Reporter: Luke Escude (lukeescude) Labels: patch

Date Opened: 2017-06-13 16:41:00 Date Closed: 2021-09-17 13:08:50

Priority: Major Regression?

Status: Closed/Complete Components: Core/CodecInterface Core/General

Versions: 13.16.0 Frequency of
Occurrence

Related
Issues:
is related to ASTERISK-25166 No audio when using direct media and a codec with a dynamic payload

Environment: x64 CentOS Attachments: ( 0) asterisk_opus.txt
( 1) asterisk.pcap
( 2) grandstream.pcap
( 3) issue-27056-1.patch
( 4) payload_dynamic_reINVITE.patch

Description: A phone call to an Opus extension works just fine (Asterisk sends an invite with 107 opus).

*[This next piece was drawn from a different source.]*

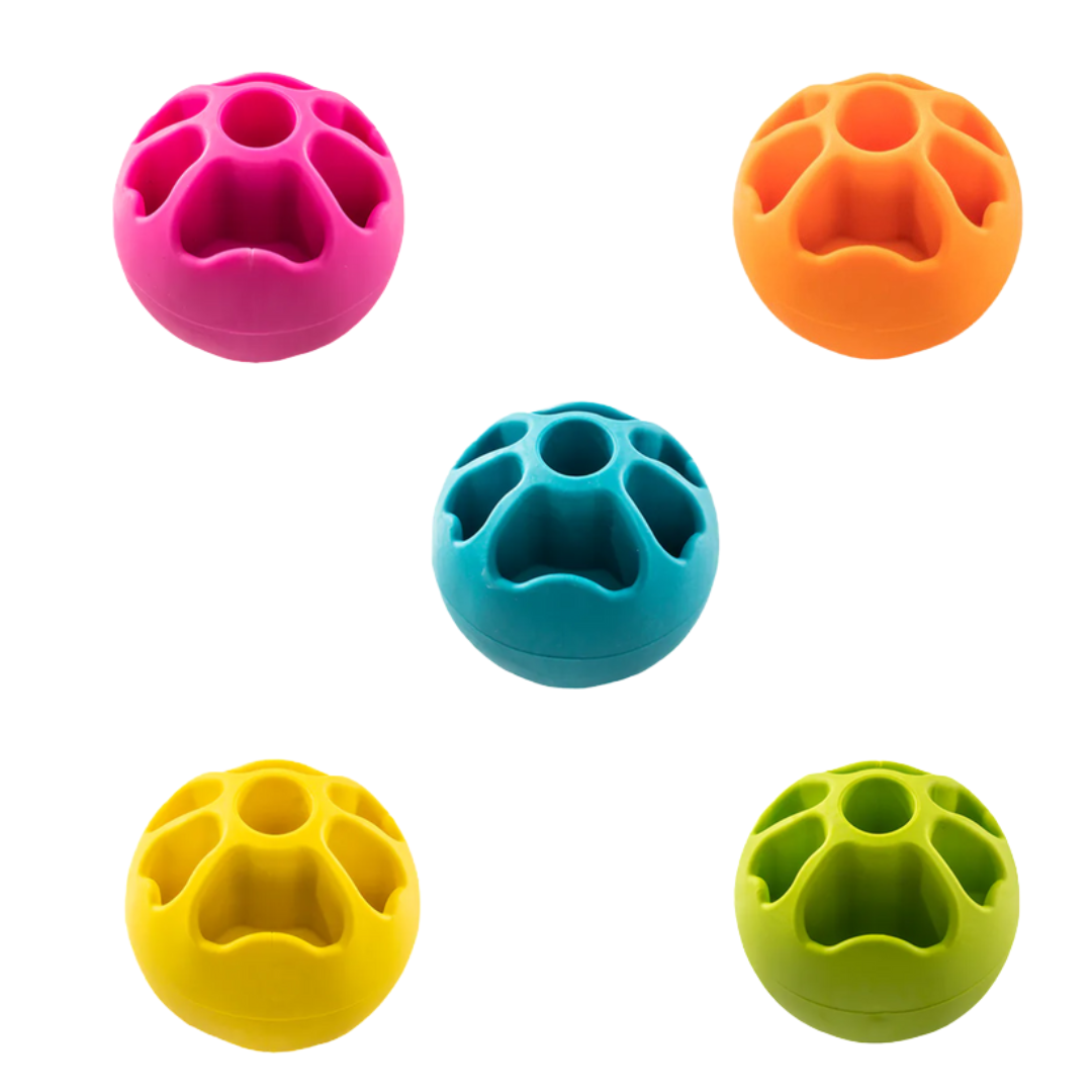 Piłka uczy cierpliwości i opanowania, nie hałasuje i pomaga w wyciszeniu. Jest wytrzymały, unosi się na wodzie i nie zawiera toksycznych substancji. Jego kolorystyka zapewnia doskonałą widoczność w każdych warunkach. W 100% nadaje się do ponownego przetworzeni. Średnica piłek to 6 i 8cm.

Two-way audio and all that jazz.

However, if the Asterisk endpoint puts the call on hold, then retrieves the call (the endpoint sends an INVITE to retrieve the call with 123 opus) Asterisk agrees to use 123 opus, however it continues to send 107 opus instead.

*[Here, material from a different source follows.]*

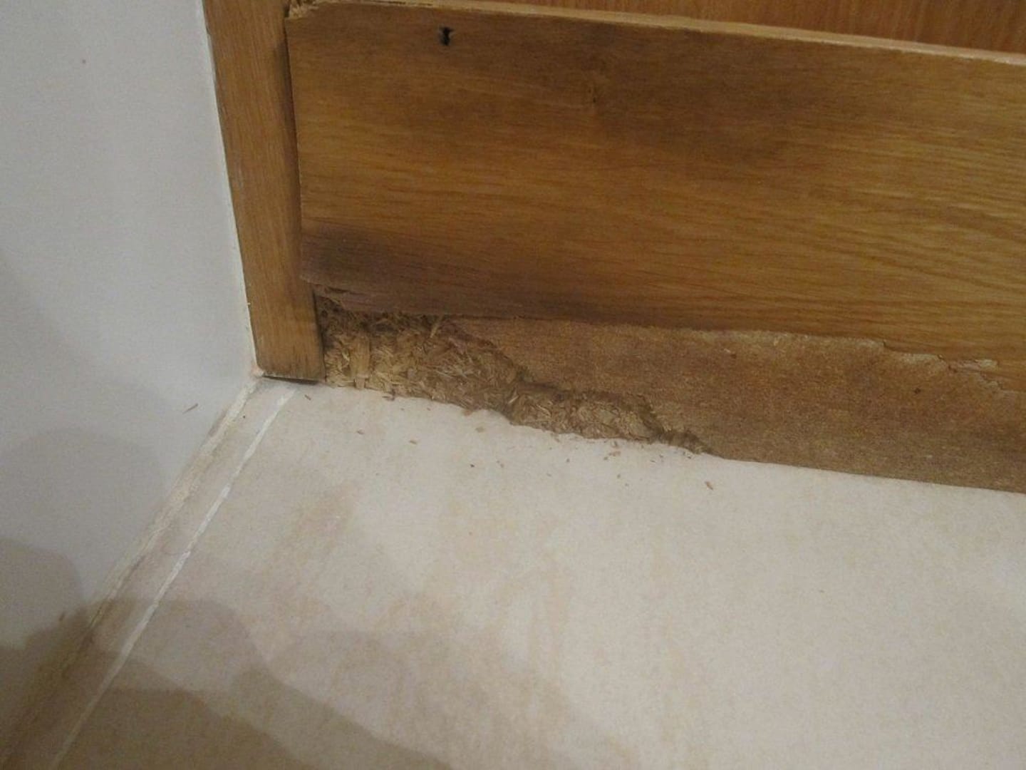 Verkleidung im Bad durch Plastikhocker verdeckt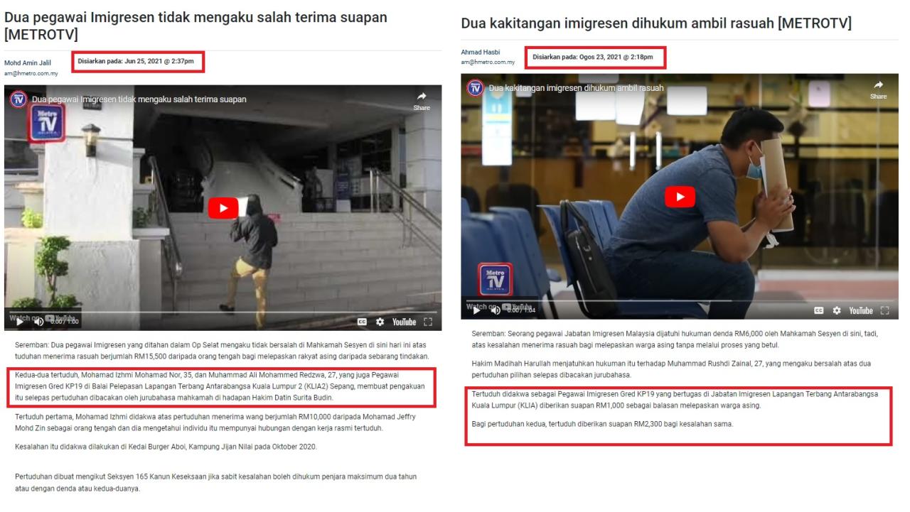 Jika dilihat laporan media sejak 2020 lagi ramai pegawai imigresen KLIA ditahan SPRM dan didakwa di mahkamah

Comments: By: Asterisk Team (asteriskteam) 2017-06-13 16:41:00.625-0500

Thanks for creating a report! The issue has entered the triage process. That means the issue will wait in this status until a Bug Marshal has an opportunity to review the issue. Once the issue has been reviewed you will receive comments regarding the next steps towards resolution.

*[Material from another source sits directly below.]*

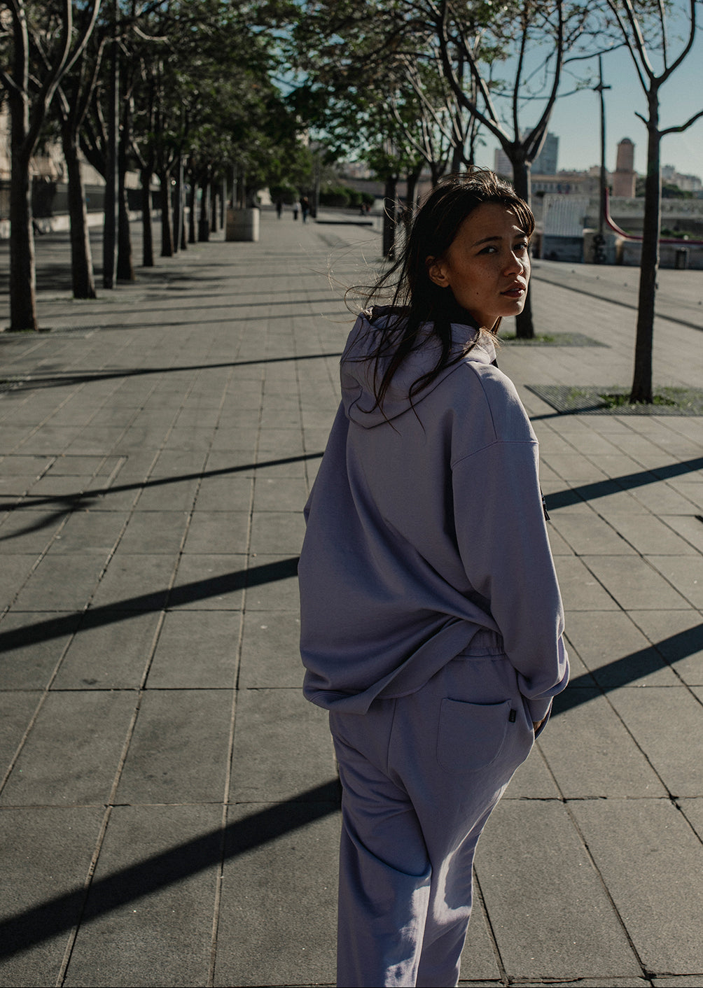 Sa coupe droite au tombé fluide est idéale pour alterner entre moments off et sorties actives, sans jamais sacrifier le confort. La matière en molleton French Terry non gratté est légère, respirante, et ultra agréable sur la peau pour une sensation de légèreté du matin au soir.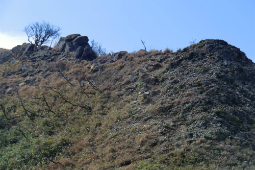 杉峠から雨乞までは急登が続き、さらに、ここから見えるピークが山頂ではなく、ピークを2つ越えなければならない。

A good first step is for you to review the [Asterisk Issue Guidelines|https://wiki.asterisk.org/wiki/display/AST/Asterisk+Issue+Guidelines] if you haven't already. The guidelines detail what is expected from an Asterisk issue report.

Then, if you are submitting a patch, please review the [Patch Contribution Process|https://wiki.asterisk.org/wiki/display/AST/Patch+Contribution+Process].
By: Luke Escude (lukeescude) 2017-06-13 16:42:20.770-0500

PCAP of the same call, from the POV of Asterisk and the Grandstream endpoint.
By: Sean Bright (seanbright) 2017-06-14 09:02:20.121-0500

Reattached PCAPs after filtering
By: Sean Bright (seanbright) 2017-06-14 09:03:02.061-0500

[~lukeescude], this is {{chan_sip}} or {{chan_pjsip}}?
By: Sean Bright (seanbright) 2017-06-14 09:19:55.738-0500

We require additional debug to continue with triage of your issue. Please follow the instructions on the wiki [1] for how to collect debugging information from Asterisk. For expediency, where possible, attach the debug with a '.txt' file extension so that the debug will be usable for further analysis.

Thanks!

[1] https://wiki.asterisk.org/wiki/display/AST/Collecting+Debug+Information

By: Luke Escude (lukeescude) 2017-06-14 09:22:29.648-0500

It is PJSIP.

No problem I'll do some more testing today - additionally, I am not sure if this is an issue with Asterisk or Grandstream so I'm working with them as well.
By: Jared Hull (fortytwo) 2017-06-14 09:26:42.751-0500

We are using chan_pjsip here.
By: Sean Bright (seanbright) 2017-06-14 09:30:25.441-0500

[~lukeescude], it doesn't appear that the GS is doing anything technically wrong, but changing the payload arbitrarily certainly makes things more difficult. See the related issue ASTERISK-25166.
By: Luke Escude (lukeescude) 2017-06-14 09:36:00.313-0500

Sean, why is the payload integer even required?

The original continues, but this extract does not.